B Milan Horácek and Galen S Wagner

Department of Physiology & Biophysics, Dalhousie University, Halifax, Nova Scotia, Canada
Department of Cardiology, Duke University Medical Center, Durham, NC, USA

Correspondence: B Milan Horácek, 4-P2 Sir Charles Tupper Med. Bldg., Dalhousie University, Halifax, NS, Canada B3H 4H7
E-mail: milan.horacek@dal.ca, phone 902-494-1306, fax 902-494-1685


Abstract. Standard 12-lead electrocardiogram (ECG) does not make the best use of the diagnostic information that can be acquired by noninvasive measurements of the heart 's electrical activity. The objective of this presentation is to demonstrate the role of body-surface potential mapping in identifying complementary/alternative ECG lead systems. Specifically, we will deal with the selection of the leads with which one can optimally diagnose vessel-specific acute myocardial ischemia, based on data consisting of 120 unipolar ECGs recorded during percutaneous transluminal coronary angioplasty (PTCA) in three groups of patients with single-vessel coronary artery disease. ST-segment changes were measured in all recorded leads as a difference between the ST amplitude during baseline and ischemic states. For each group of patients, mean ST changes were calculated and normalized by the corresponding standard deviation; these data were displayed as body-surface distributions and optimal vessel-specific leads were chosen.

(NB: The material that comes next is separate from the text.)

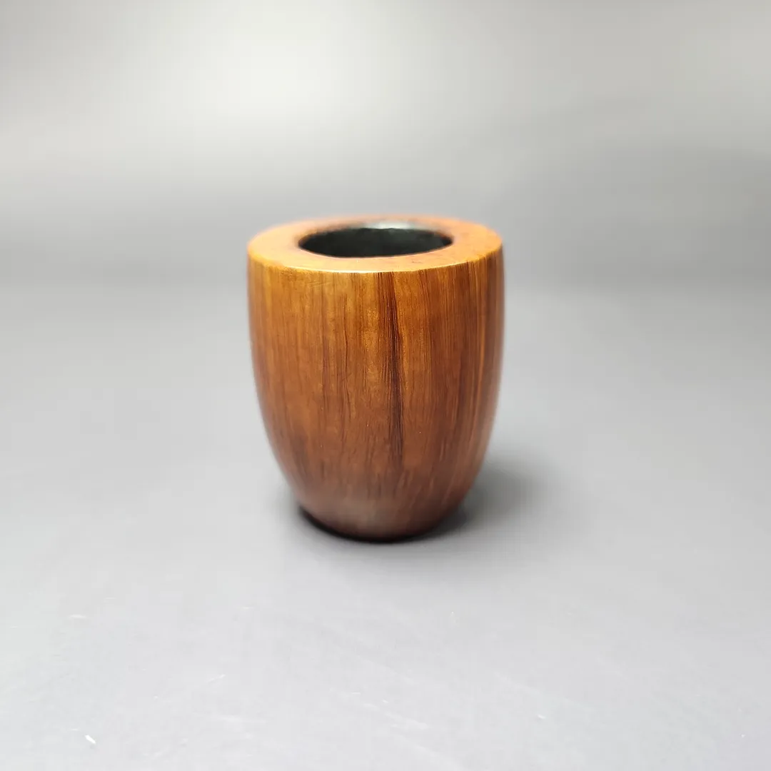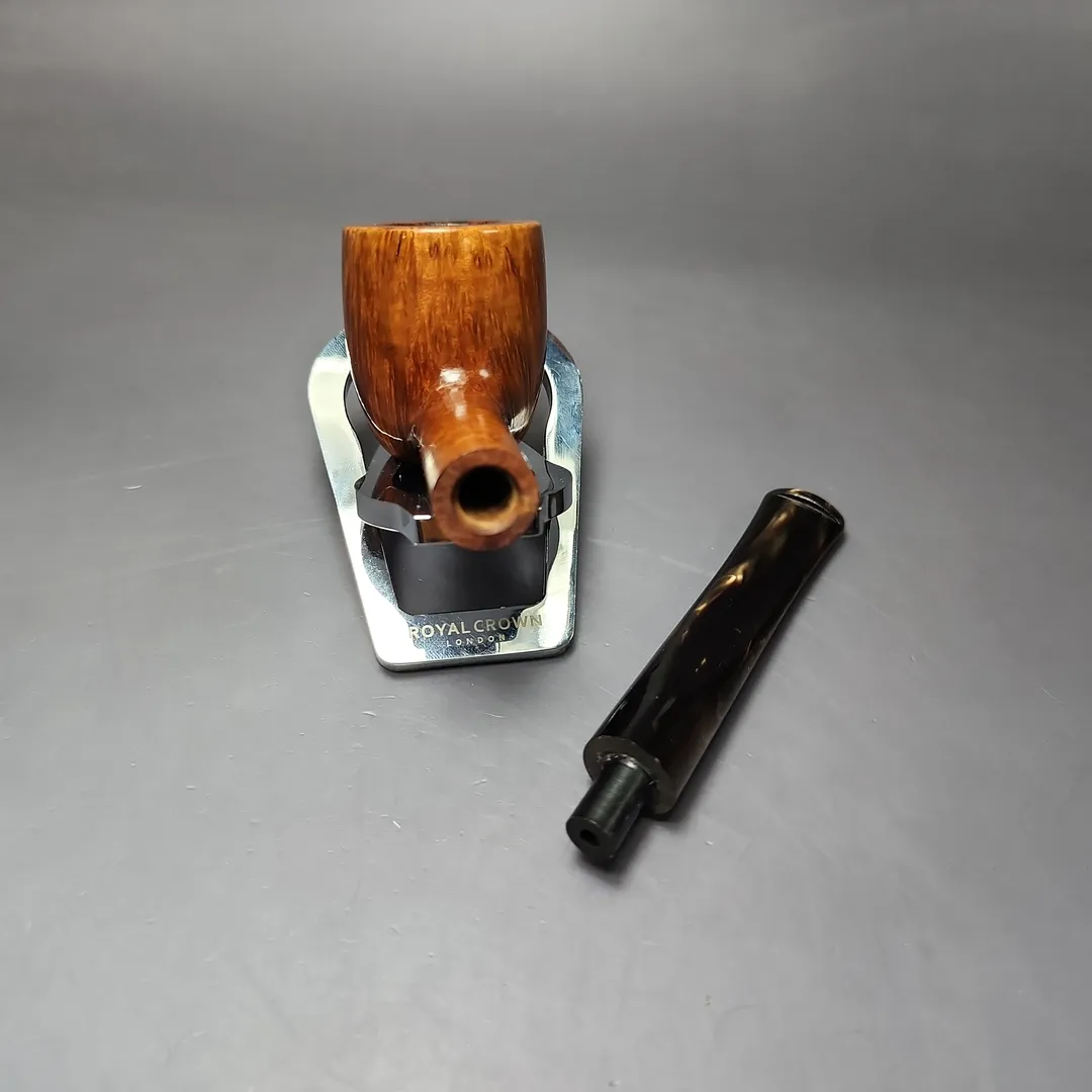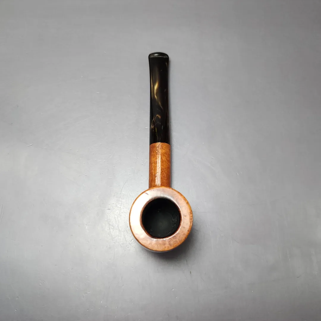 This is another mystery pipe that came in with a large lot of Edward’s pipes, the latter being a significant pipe company in the United States in the 20th century and which Randy Wiley once worked for. As with the other pipe, I do wonder whether it could be related to Edward’s in some way, though as it is not stamped (or the stampings have buffed off), I can’t say anything conclusively about its maker, either. The design is one of a clearly handmade pot sitter, with good, straight grain and a swirling golden acrylic stem.

Keywords: ECG Mapping; Acute Ischemia; Coronary Angioplasty; Diagnostic Classification; Optimal ECG Leads

1.  Introduction

Electrocardiographic ST-segment measurements have been widely used for detecting myocardial ischemia, most notably in patients with unstable coronary syndromes; for assessing thrombolytic treatment in patients with an acute myocardial infarction (MI); and for detecting sudden coronary artery closure in patients undergoing transcatheter revascularization [1]. The sensitivity and specificity for detecting myocardial ischemia can be much improved by a judicious choice of leads. In searching for the best leads, it is advantageous to use data recorded during balloon-inflation PTCA¡ªwhich provides a model for acute ischemia in humans [2]¡ªin combination with body-surface potential mapping, which provides a total picture of ECG changes [3, 4]. Our purpose here is to demonstrate how body-surface potential maps recorded during PTCA can be used to identify the optimal ECG leads for monitoring the ST-segment changes caused by acute ischemia [5].

2.  Methods

Study population consisted of 91 patients with single-vessel coronary artery disease for which they underwent PTCA [5]. For 32 of these patients, the lesion was in the left anterior descending (LAD) coronary artery; for 36 in the right coronary artery (RCA); and for 23 in the left circumflex (LCx) coronary artery. All patients had normal left-ventricular wall motion and no evidence of a recent MI. ECG data were recorded simultaneously from 120 unipolar leads; the acquisition system, subsequent signal processing, and interpolation for 352 sites on the torso have been described elsewhere [5]. The ST amplitude with respect to the TP baseline, at 60 ms after the J point, was determined at all sites during the baseline and ischemic states, and these values were subtracted from each other to produce ΔST maps. All ΔSTs pertaining to the given lead in each patient group were expressed as mean ± standard deviation (SD). Student 's t-test was used to determine the statistical significance, and mean ΔST distributions and their corresponding t distributions were plotted for each group.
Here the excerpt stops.